Garbage from most of Brisbane’s metropolitan area was incinerated at Milton. In 1927, the incinerator operated around the clock except for one Sunday each month. By 1937 it was operating every day of the year and employed about 25 people, many of whom lived in the adjacent houses where they could keep watch for fires.

The decommissioned incinerator in 1949. (BCC-B54-213).

All kinds of garbage were incinerated here. As well as general household refuse, the incinerator disposed of confidential government documents, confiscated narcotics, and rats from the city’s wharves and laboratories. Among the few things that were excluded were unbroken bottles (which were re-used) and any dry material that could be used to fill up the city’s swamps (this is how Gregory Park and many other parks in Brisbane’s parks were formed). Occasionally, things found their way in that should have been kept out, such as explosives and volatile chemicals. In 1947, an unexploded aerial bomb was discovered just before being shovelled into the furnace. In 1942, a worker fell onto the conveyor and narrowly escaped being drawn into the flames.

On one occasion, a valuable item was retrieved from the incinerator after it had been through the furnace. In 1944, 25 milligrams of radium in a gold tube, worth more than £200, went missing from a doctor’s surgery in the city. A lecturer in bio-physics at the University of Queensland named D.F. Robertson searched the surgery with a Geiger counter and concluded that the radium must have ended up in the trash, which in turn must have gone to Milton.

Mr. Robertson visited the City Council’s incinerator at Milton and ransacked the mountain of rubbish there. He found dead dogs and refuse of every description — but no tube. Then he decided to make a daily check on ashes from the furnace. As he worked with his detector, nearby residents saw the strange spectacle of a man wearing ear phones, and going over the dump, waving what seemed to be a long wand with a tin on the end.

Mr. Robertson did not know in what shape the tube would emerge from the furnace, and he came across many objects that looked more like tubes than the real thing did, when, on his third day, he discovered it in the ashes. It then was a misshapen blob of black metal — but the radium, in its protective inner sheath, was intact.(6)

The ashes from the incinerator were used to build up the ground on the site, including the depression left by the old Boundary Creek. Flower gardens flourished in the ash-enriched soil. The ashes were also used to fill in the swampy ground at Lang Park.

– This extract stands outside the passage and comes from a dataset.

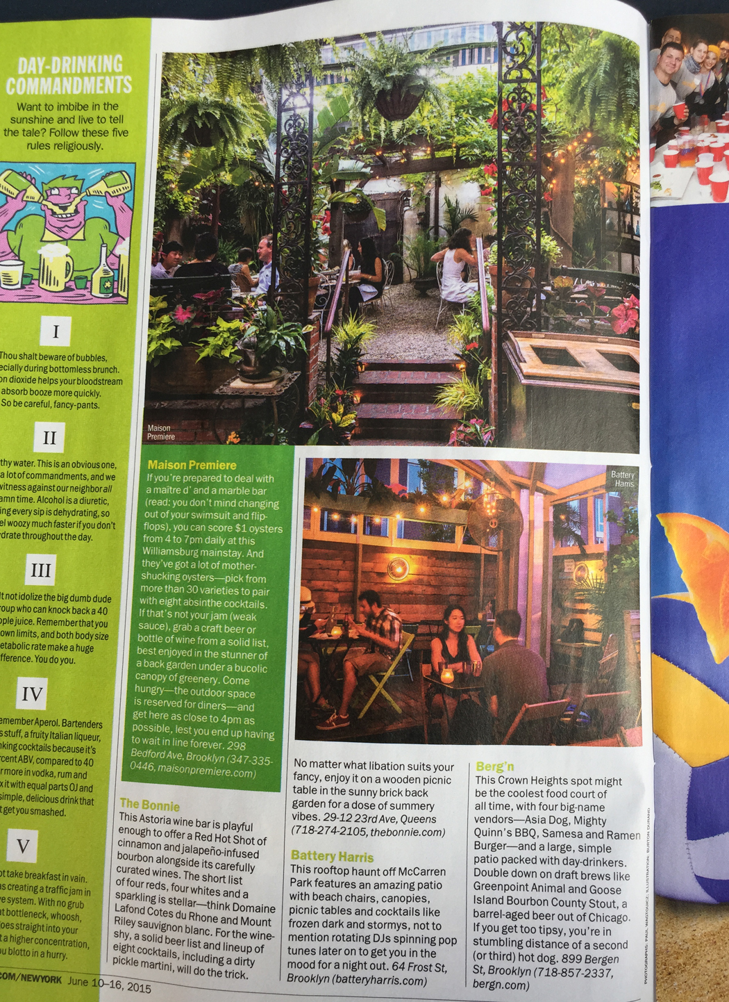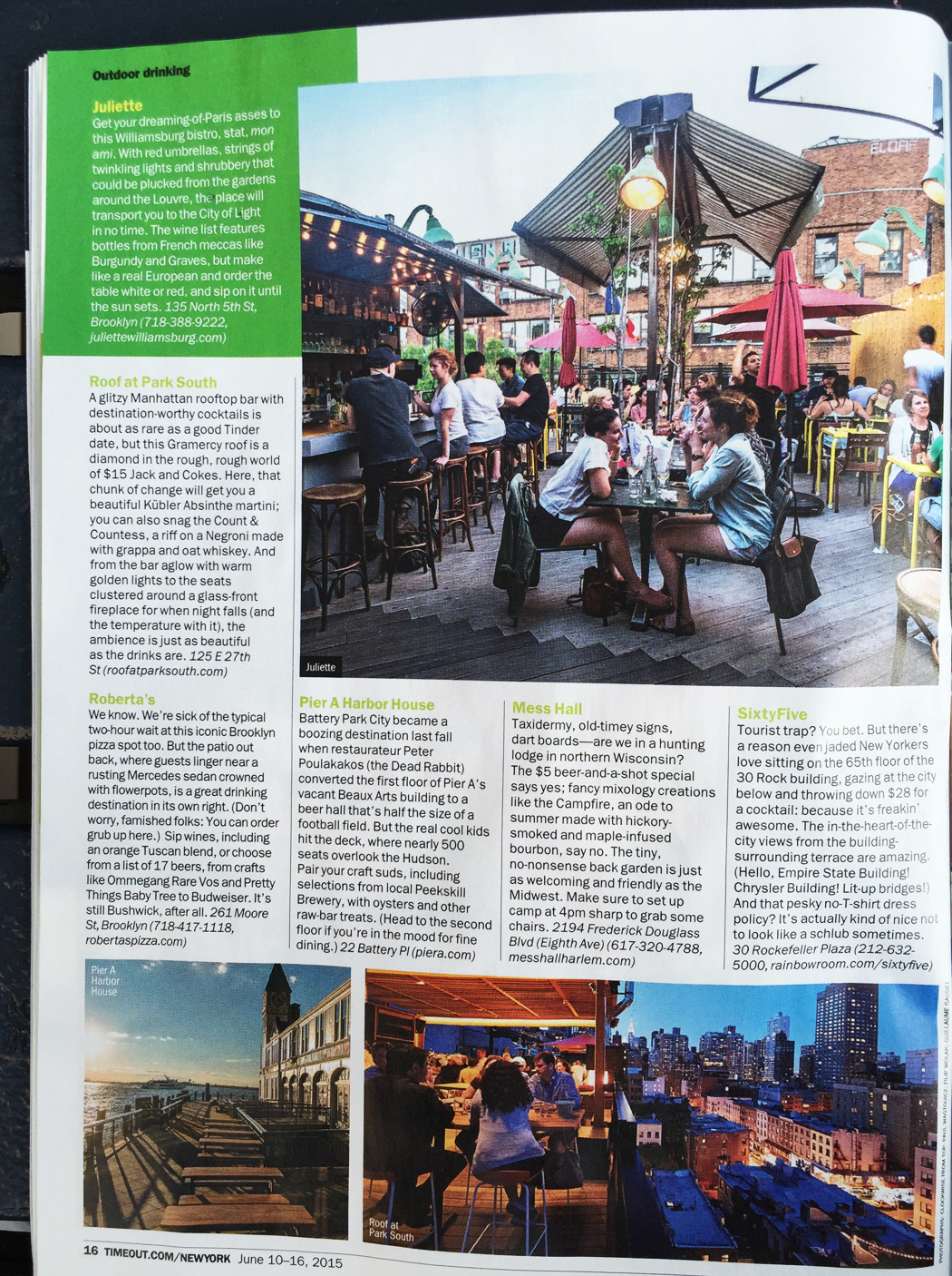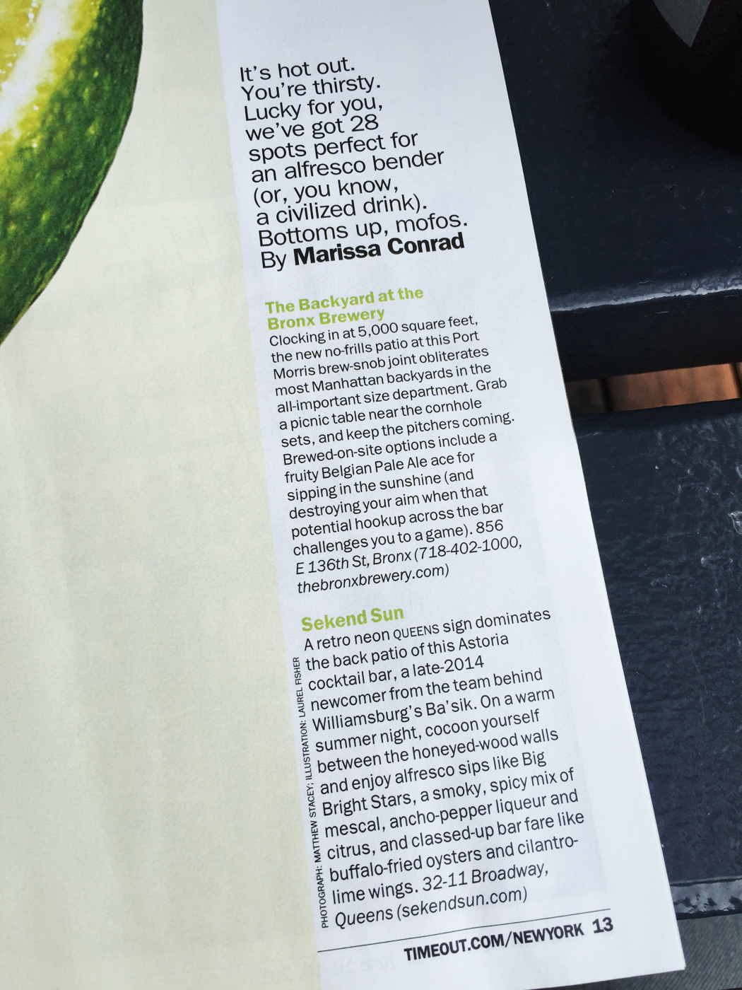 Hittade tipset i en barguide i den eminenta guidetidningen Time Out New York (här finns fler New York-sommartips från Time Out). Inom journalistik är termen ”rewrite” en vitt utbredd term, helt enkelt att man gör en egen artikel baserad på en redan publicerad artikel. Det tar dock lite tid, så jag plåtade istället helt sonika av Time Outs bartips så att du, bästa läsare, ska kunna ta del av härligheten. Öppna galleriet nedan genom att klicka på en bild.

The City Council decommissioned the incinerator along with the rest of the sanitary depot in 1948 and bought the land in June 1950 to expand the tram workshops. The iconic chimney came down later the same year.

The Coronation Drive Office Park covers 4.5 hectares and is bounded by Cribb Street, the railway line, Boomerang Street and Coronation Drive.

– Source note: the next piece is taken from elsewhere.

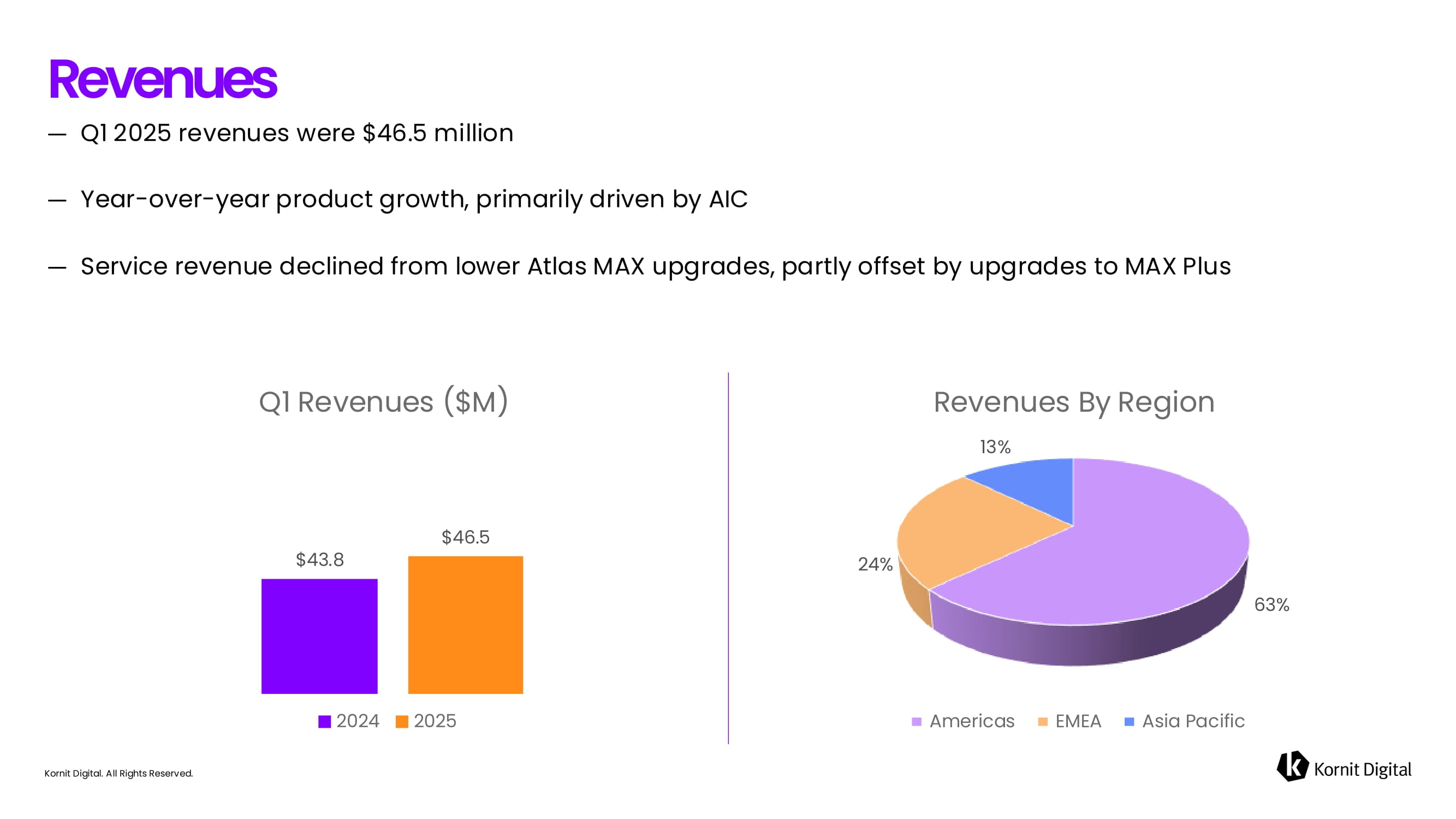 Kornit Digital. All Rights Reserved. ― Q 1 2025 revenues were $ 46.5 million ― Year - over - year product growth, primarily driven by AIC ― Service revenue declined from lower Atlas MAX upgrades, partly offset by upgrades to MAX Plus Revenues $43.8 $46.5 Q1 Revenues ($M) 2024 2025 63% 24% 13% Revenues By Region Americas EMEA Asia Pacific

  1. The Brisbane Courier, 10 April 1889. 
  2. The Brisbane Courier, 28 December 1889. 
  3. Ibid. 
  4. These heights were cited in the courier mail in November 1937 and September 1950. I am assuming that the chimney was rebuilt or extended in the intervening time. Alternatively, the chimney might have been unchanged while one of the newspaper reports described the height incorrectly. 
  5. The Sunday Mail, 23 July 1944. 
  6. The Brisbane Courier, 3 August 1929.